Let $Q'$ be a point in $AD$ such that $CD^2=BD^2=DQ'.DA$ $\Longrightarrow$ $\measuredangle Q'CD=\measuredangle DAC=\alpha$ and $\measuredangle DBQ$ $=$ $\measuredangle DAB$ $=$ $\alpha+\beta$. Let $P'$ be a point in $QC$ such that $\measuredangle BP'C=90^{\circ}$ $\Longrightarrow$ $DB=DC=DP'$ $\Longrightarrow$ $\measuredangle DAC=\measuredangle DP'C=\alpha$ $\Longrightarrow$ $DP'AC$ is cyclic hence $\measuredangle DAC$ $=$ $\measuredangle P'AD$ $=$ $\alpha...(1)$ and since $\measuredangle BP'C=90^{\circ}$ we get $\measuredangle P'BD=90^{\circ}-\alpha...(2)$. On the other hand it so easy note that $P$ is unique $\Longrightarrow$ $Q$ is unique $\Longrightarrow$ by $(1)$ and $(2)$ we get $P'=P$ and $Q'=Q$ hence $\measuredangle BQP=\measuredangle BAC=2\alpha+\beta$.

It is clear that $P$ is unique. Let the line which is reflection of $AC$ across $AD$ cut $BC$ at $E$. Let $(ADC)\cap AE = P'$. Note that $\angle P'CD = \angle DP'C \implies DC=DP'=DB \implies \angle BP'C = 90 \implies \angle P'BD = 90 - \angle CAD \implies P'= P$. So we have $\triangle AQC \sim \triangle ACD \implies DC^2 = DQ\cdot DA = DB^2 \implies \triangle AQB \sim \triangle ABD$. So we have $\angle QBD = \angle BAD$ and $\angle QCB = \angle CAD \implies \angle PQB = \angle BAC$. $\square$

Let $A'$ be the reflection of $A$ to $D$ and $CQ \cap AB=R,BW\cap AC=S,AP\cap A'B=M$ $\angle A'AM=\angle DAP=\angle CAD= \angle MA'A \implies MA=MA'$ $MA=MA'$ and $AD=A'D \implies MD \perp AA'$ $\angle PMD=\angle AMD=90-\angle DAM=\angle PBD \implies P,B,M,D$ are cyclic. $\angle BDP=\angle BMP=2\angle DAP=\angle CAP \implies A,P,D,C$ are cyclic. $\angle CPD=\angle CAD=\angle DAP=\angle DCP \implies DB=DC=DP \implies BP \perp PC$ $\angle C= \angle QCA+\angle DCP=\angle QCA+\angle CAQ=\angle CQD=\angle RQA=\angle RSA \implies R,Q,S,A$ are cyclic. $\angle BQP=\angle BQR=\angle CAB$ as desired.

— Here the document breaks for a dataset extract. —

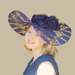 Lauren wanted a summer straw with a 1940s style. Her neutral palette wardrobe was perfect to match with the chocolate brown. A simple mushroom style sits above her beautiful curls, and the chiffon bow really sets off the frame of her face.
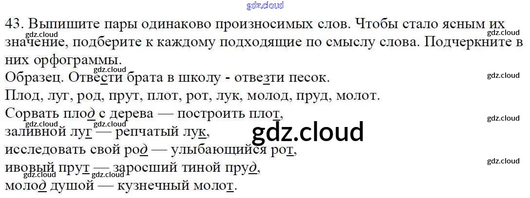 Ответ на задание 43 Учебник Русский язык за 5 (пятый) класс Баранов, Ладыженская, Тростенцова, Кулибаба, Григорян 2016, 2019 Часть 1, 2

Let $X$ be the reflection of $P$ wrt $AD$.From angle condition,we get $BPXC$ is cyclic.So $AD$ goes through midpoints of both $PX$ and $BC$,and is the perpendicular bisector of $PX \implies D$ is the circumcenter.$\angle QAX=\angle PXB=\angle PCB=\angle QCB$,so $Q$ is the $A$ humpty point of $\triangle {ABC}$.$\angle PQB=\angle QBC+\angle QCB=\angle BAD+\angle DAC=\angle BAC$.